[Technology Report]
Parallel Programming Is Here To Stay
One size does not fit all, and it never will. Parallel programming looks to level the playing field by leveraging multicore hardware.
It was easy to program applications in the days when one chip, one core were common. Single-chip solutions remain the target of many systems, especially for mobile applications. But these days, they’re likely to include more than one processing core. Programming these platforms can be a challenge.
High-end server platforms like Intel’s six-core Xeon 7460 use lots of transistors for very large, complex architectures. Systems with even more cores on a single chip are readily available as well. Chips like the 40-core Intellasys SEAforth 40C18, the 64-core Tilera TilePro64, and the 336-core Ambric AM2045 are just the beginning (see “Are You Migrating To Massive Multicore Yet?”).
Many PCs already include high-count multicore chips in the form of graphic processing units (GPUs). They’re now being made accessible for general computing and formalized with platforms like Nvidia’s 240-core Tesla C1060 (see “SIMT Architecture Delivers Double-Precision TeraFLOPS”).
Multicore solutions are on the rise because it’s becoming harder to scale single-core processors while trying to maintain the heat and power envelope necessary to make systems practical. Multicore is no longer a scaling issue, but rather a requirement to meet growing performance requirements.
Clock speed and core count don’t tell the whole story, though. Core interconnects constitute the real programming challenge. Many multicore chips don’t employ the shared-memory approach found in symmetrical-multiprocessing (SMP) platforms like the Xeon, where multithreaded applications can typically exist without regard to the number of underlying cores.
Non-uniform memory access (NUMA) architectures maintain the SMP approach. However, scaling to large numbers of cores can be difficult. For instance, the TilePro64 manages with 64 cores on-chip (Fig. 1).

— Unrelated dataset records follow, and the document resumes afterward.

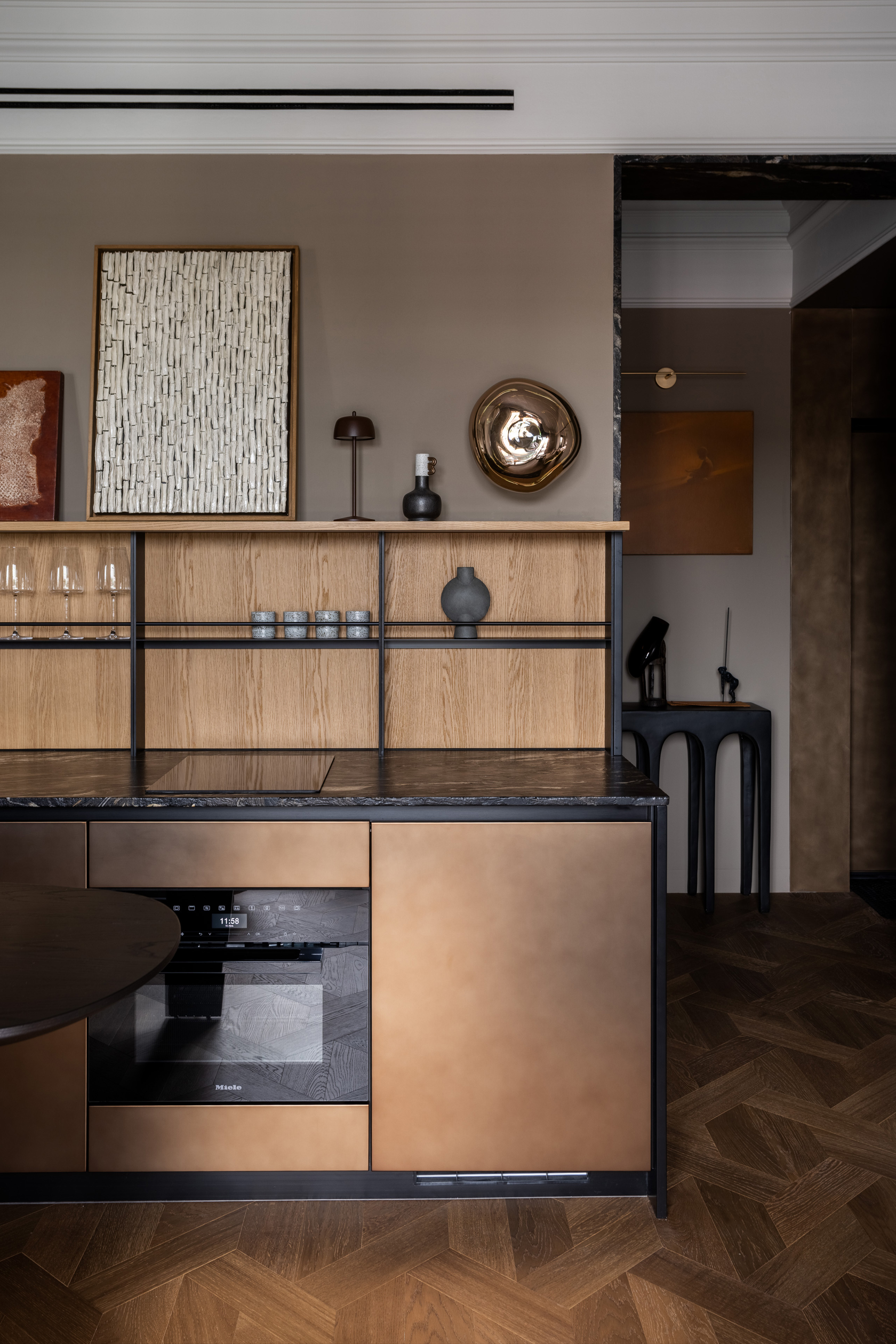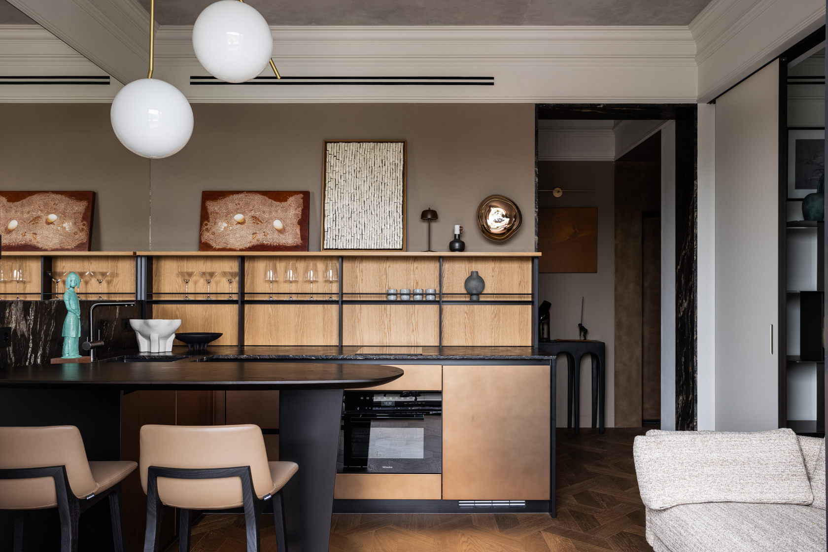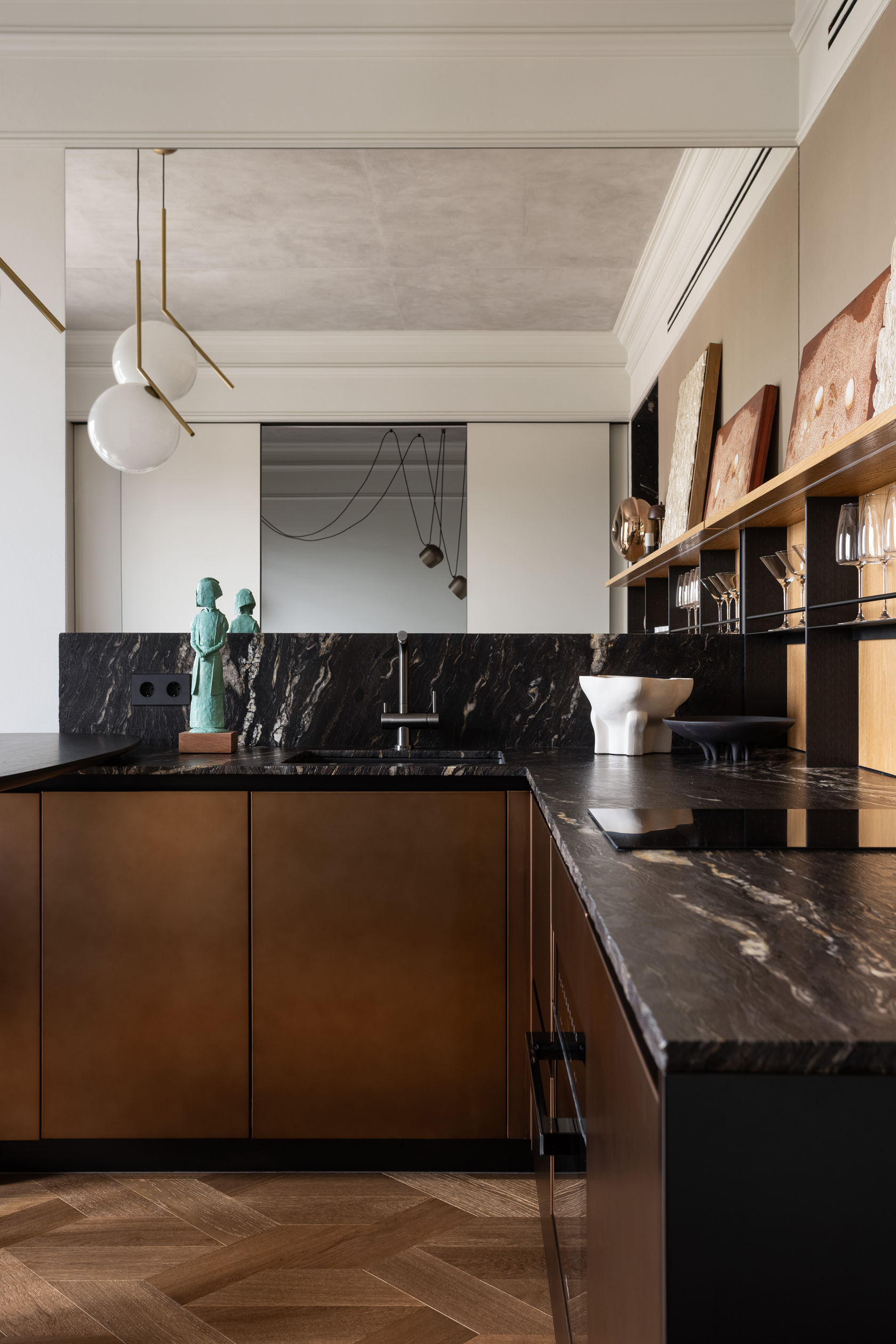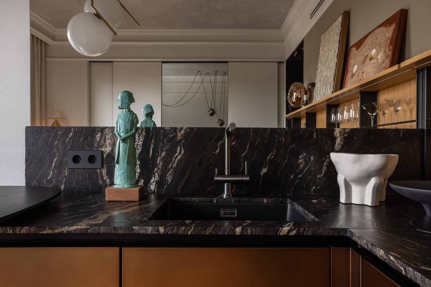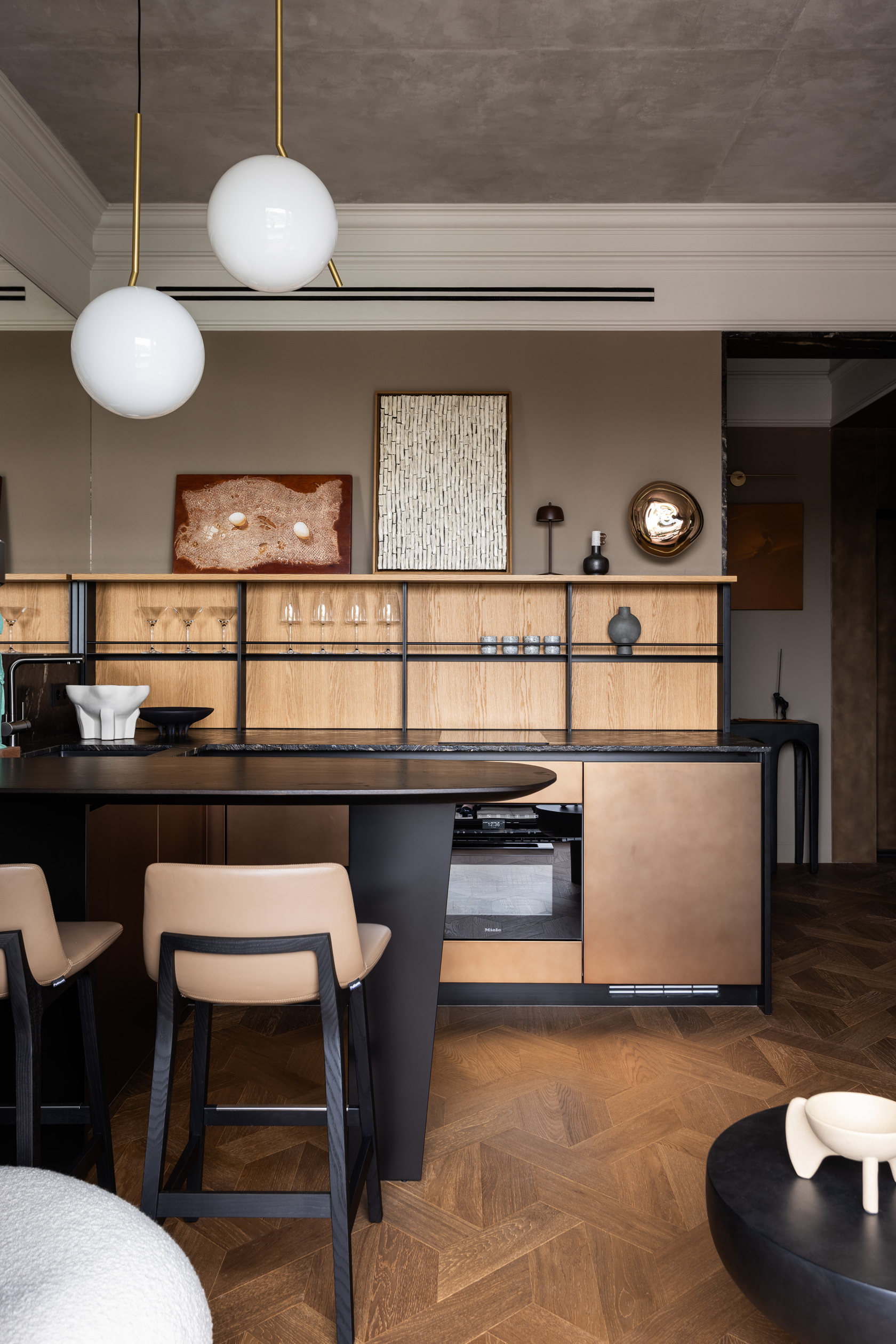 Кухонная зона оформлена в стиле современного арт-деко с элементами неоклассики. U-образная планировка продумана до мелочей: рабочий треугольник (мойка – варочная панель – холодильник) обеспечивает максимальную эргономику и экономию движений. Фасады шкафов выполнены из матового МДФ с мягким сатиновым покрытием, визуально тёплым и тактильно приятным. Рабочие поверхности облицованы чёрным мрамором с белыми прожилками, придающим глубину и статус. Центральный остров акцентирован рифлёными панелями под натуральное дерево и увенчан мраморной столешницей.
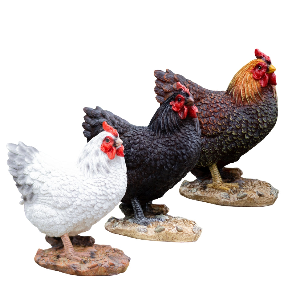 Giv dit hjem, have eller terrasse et strejf af landlig idyl med disse bedårende dværghaner i polyresin. Med deres fine detaljer og livlige udtryk spreder de øjeblikkeligt hygge og personlighed – uanset hvor de placeres.
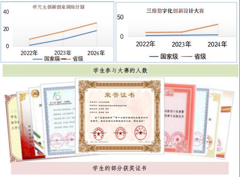 成果的研究与实践,促进山东交通学院机械工程学科迅速发展,围绕机械领域专业学位研究生培养中的实际问题,通过创新培养体系、优化教学过程和强化产教融合,取得了显著的推广应用效果,如图5。
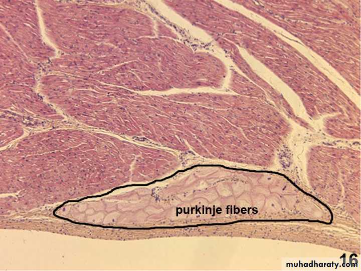 Purkinje fibers resemble ordinary cardiac m. in that:they have central nuclei.they have cross striation. However they differ from them in that
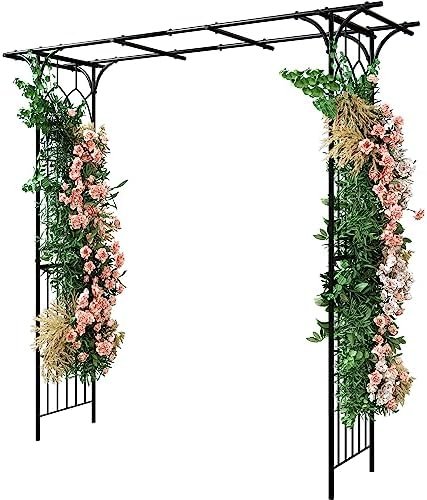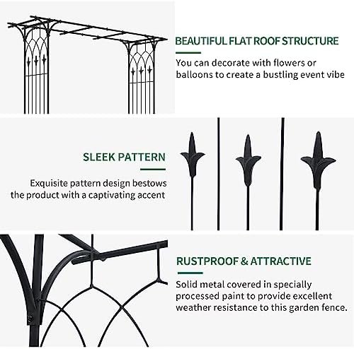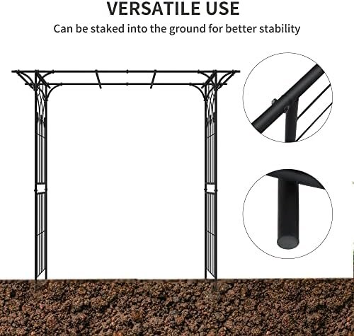 Durable & Stable: Sturdy steel is coated with weather-resistant black epoxy to ensure stability and prolonged outdoor use; Reinforced supporting frame at the bottom allows the garden arch to withstand weather elements.
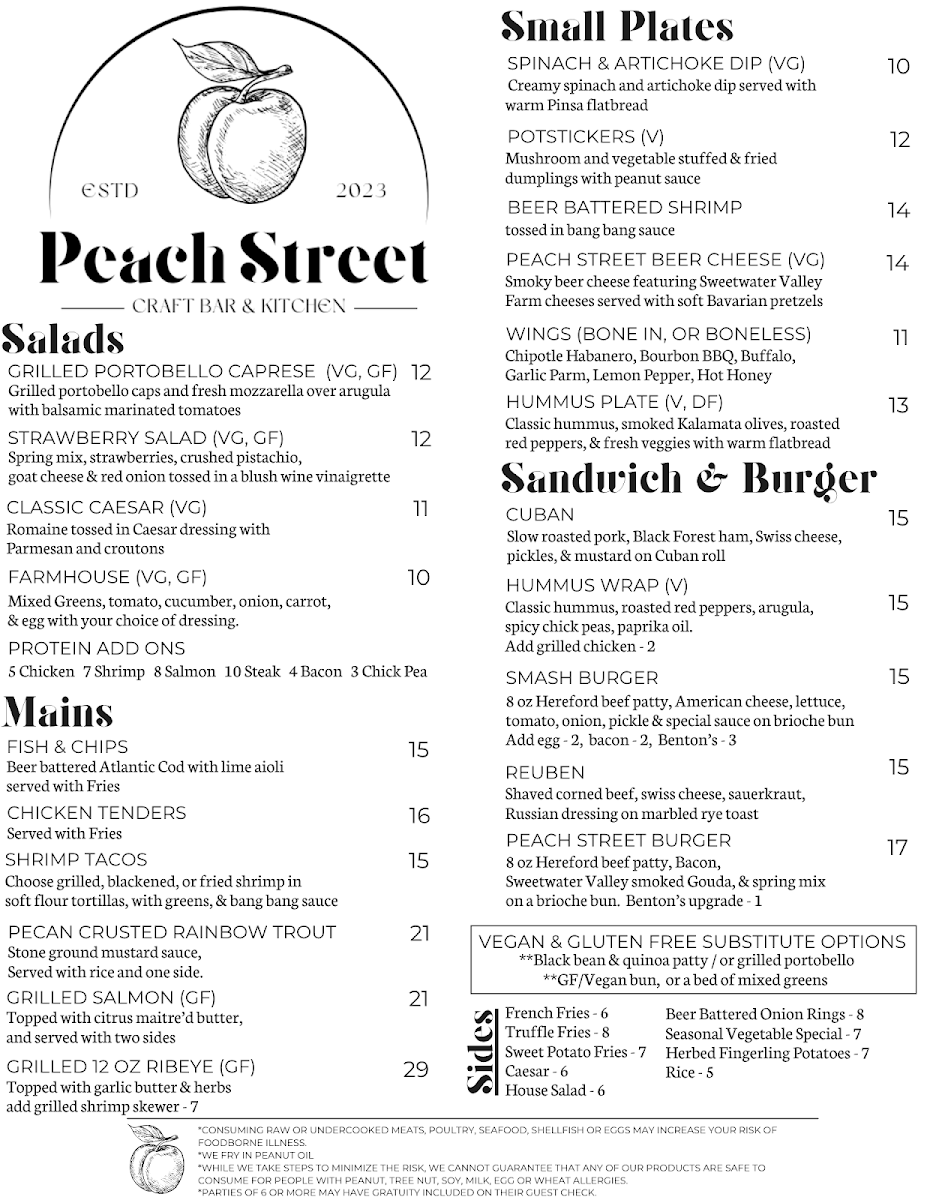 Whether you’re a local or just passing through, Peach Street Grill is sure to leave you satisfied and eager for a return visit.
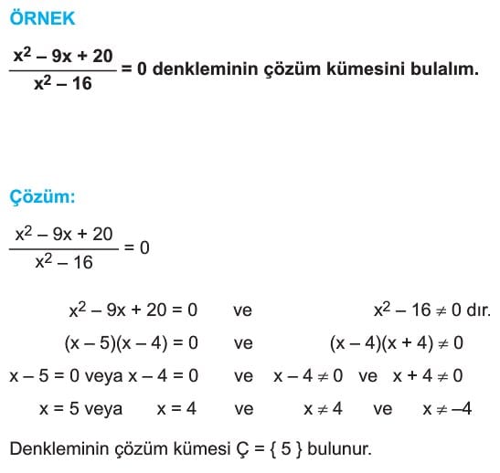 - Rasyonel Denklemler: P(x) ve Q(x) birer polinom ve Q(x) ≠ 0 olmak üzere, P(x)/Q(x) = 0 biçimindeki denklemlere rasyonel denklemler denir. Rasyonel denklemin çözüm kümesi bulunurken payın kökleri bulunur. Bulunan değerler arasında paydayı sıfır yapan değerler varsa bu değerler çözüm kümesine alınmaz.
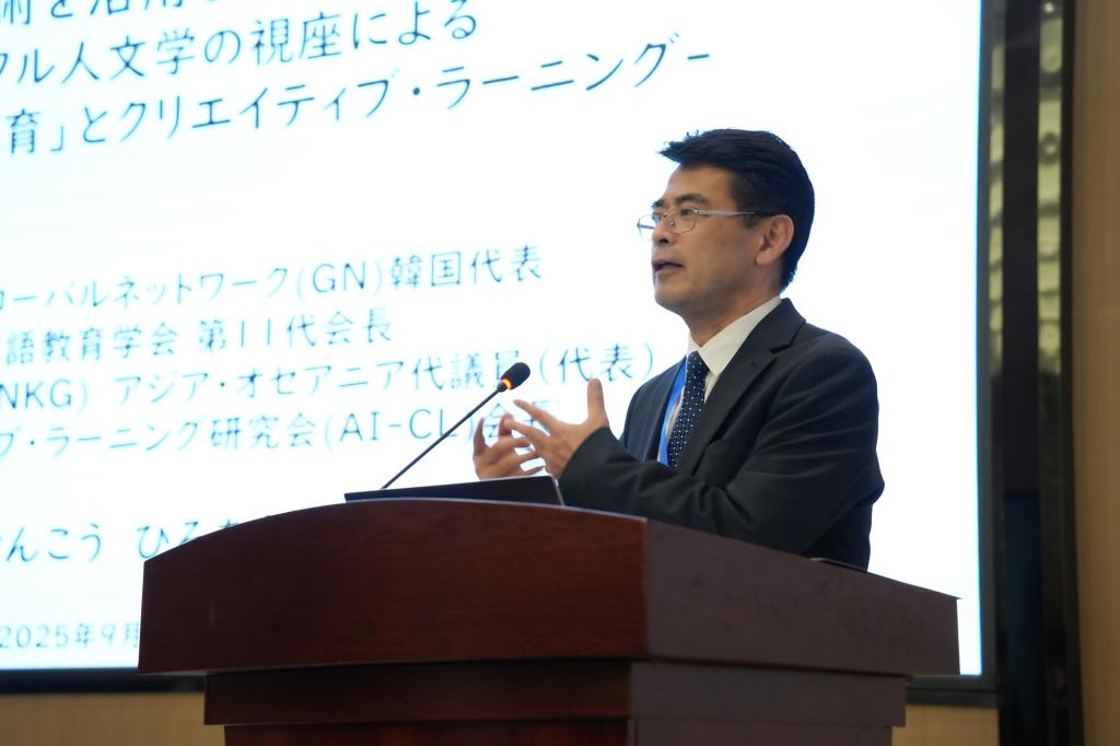 韩国日语教育学会第11代会长、国际网络代表检校裕朗教授作《灵活运用数字AI技术下的日语教学改革——数字人文学视角下“以人为中心的AI教育”和创造性学习》报告,强调终身学习应与生成式AI协同发展,技术应助力而不替代人的思考与创造。

Still, this is one reason why other approaches, such as mesh networks, are employed when cores start numbering into the hundreds or thousands. This allows designers to throw lots of hardware at a problem, though it requires a different approach to programming.
DISTRIBUTED COMPUTING FRAMEWORKS The OpenMP portable, scalable framework supports multiplatform, shared-memory parallel programming and targets SMP systems. It also supports C/C++ and Fortran and runs on popular platforms such as Linux and Windows. OpenMP is a thread-oriented approach that maps well to existing hardware architectures. Its core elements include thread management, synchronization, and parallel control structures.
The message-passing interface (MPI) standard, maintained at Argonne National Laboratory, can operate on SMP hardware and also span various networks. Several operating systems are based on message-passing communication.
OpenMPI is an open-source implementation of the MPI-2 standard. It can operate over a range of communication systems such as TCP/IP, Myrinet, and most communication fabrics found on multicore processors. OpenMPI also can be mixed with OpenMP.
Intel’s Thread Building Blocks (TBB) are another SMP-oriented framework compatible with OpenMP (see “Multiple Threads Make Chunk Change”). TBB is available as an open-source project as well. Like its name says, TBB is threadoriented, but it tends to utilize one thread per core. Each worker thread gets its work from a job queue. The application feeds the job queues.
TBB extends C and C++ using a limited number of keywords to designate blocks of code that can be performed in parallel. The same is true for data definitions that the parallel code will be working with. These blocks are typically arrays. The data and the processing jobs can be spread across the collection of cores via the worker threads. The queues may fill, but the idea is to keep the cores working instead of idle.
Built around TBB, Intel’s Parallel Studio includes Parallel Advisor (design), Composer (coding), Inspector (debug), and Amplifier (tuning). Parallel Advisor is a static analysis tool designed to identify sections of code in which TBB support will make a difference. It can also identify conflicts and suggest resolutions of these issues. This tool is especially useful for designers who are new to TBB.
Parallel Composer now brings TBB integration to platforms like Microsoft’s Visual Studio. It handles new lambda function support and is compatible with OpenMP 3.0. Parallel debugging support is also part of the package. Its “parallel Lint” capability helps identify coding errors.
Parallel Inspector is a proactive bug finder designed to augment the typical program debugger. It identifies the root cause of defects such as data race conditions and deadlock. The tool can also be used to monitor system behavior and integrity. The system is based on Intel’s Thread Checker tool.